Он положил развернутую книжку на лицо, пряча улыбку до ушей, наблюдая поверх обложки.
– А чо с этим делать? – серьезно спросил разочарованный кришнаит местного астролога.
– Тренировать. На самом деле развивать можно любой Марс и рыбий, и рачий, как у тебя.
Пятикурсник сбросил книжку на кровать, раздул щеки, словно ныряльщик перед погружением, выбежал в секцию быстрее Карла Льюиса. Из-за прикрытой двери парни услышали дикий хохот орангутанга каменных джунглей.
Отмечать Новый 1996 год Помазан пригласил соседей в Лысьву. Брянцы согласились, еще один праздник в Нытве с матерью и отчимом сулил лишь зимний салат, селедку под шубой и скукотищу «Голубого огонька». Дукаревич отчалил в Кунгур, мотивировав двусмысленно: «Не могу долго без пещер. А у нас там самая лучшая». Музыку, если встречать праздник в общаге, сорвал Маклер – опять забрал транзистор.
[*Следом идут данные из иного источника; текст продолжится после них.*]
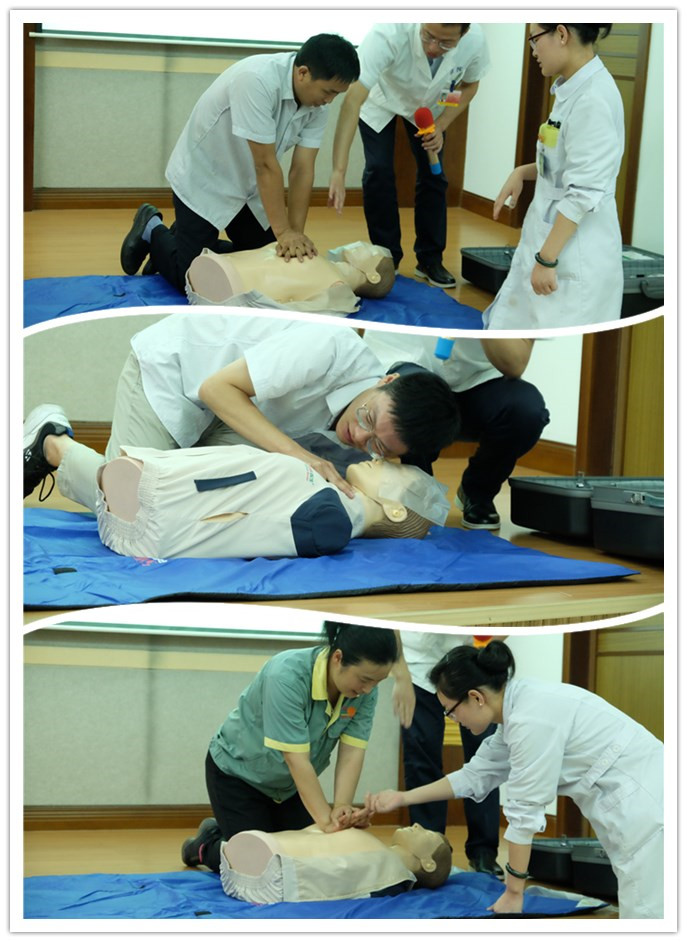 官林医院郭院长现场讲解了中暑、烧灼伤、电击伤等情况所应采取的急救措施,并通过模拟实操,手把手地指导,详细介绍了心肺复苏紧急救护知识。

Поезд в Лысьву представлял собой плацкарт без назначения посадочных мест. Кто где приткнулся, там и прав. Выпивать начали в вагоне до отхода, заняв козырные места у окна. На стол встали бутылка водки, пластиковые стаканчики, надкусанный лаваш. За годы кришнаизма Сашка развил мощную коммуникабельность. Знакомился где угодно, когда угодно и с кем угодно. Старушка в черном платке причитала за грусть жития. Мамаша с мальчишкой-дошколенком лишь косилась, срывая разговор. До запрыгнувших на верхние полки без матрасов шея не тянулась. Сидевшие на баулах в проходе чувствовали второсортность по отношению к занявшим настоящие места, отвечали односложно.
По вагону протискивался круглолицый мужичок лет пятидесяти и чуть, в осеннем пальто, прикрывавшем рубашку от тридцатиградусных морозов. На веревочной связке болтались две воблы, мягкая рука сжимала ополовиненную бутылку пива. Забаровскому показалось – мужичок специально тормознул у пьяного закутка, присмотрелся к отдыхающим «культурно».
– Же ву зон при а ля мезон, авек ми парль де ля сезон. – Круглолицый подмигнул Руслану.
– Чо вы сказали?
– Бабуля, подвиньтесь, молодежь желает говорить, местами по-французски.
Несмотря на определенную жирность, он сумел протиснуться к столу. Настольный натюрморт дополнила вобла и початая бутылка пива. Помазан налил водки в пластик стакана.
– За встречу! – Мужичок замахнул, запил пенным. – Чьих кровей будете?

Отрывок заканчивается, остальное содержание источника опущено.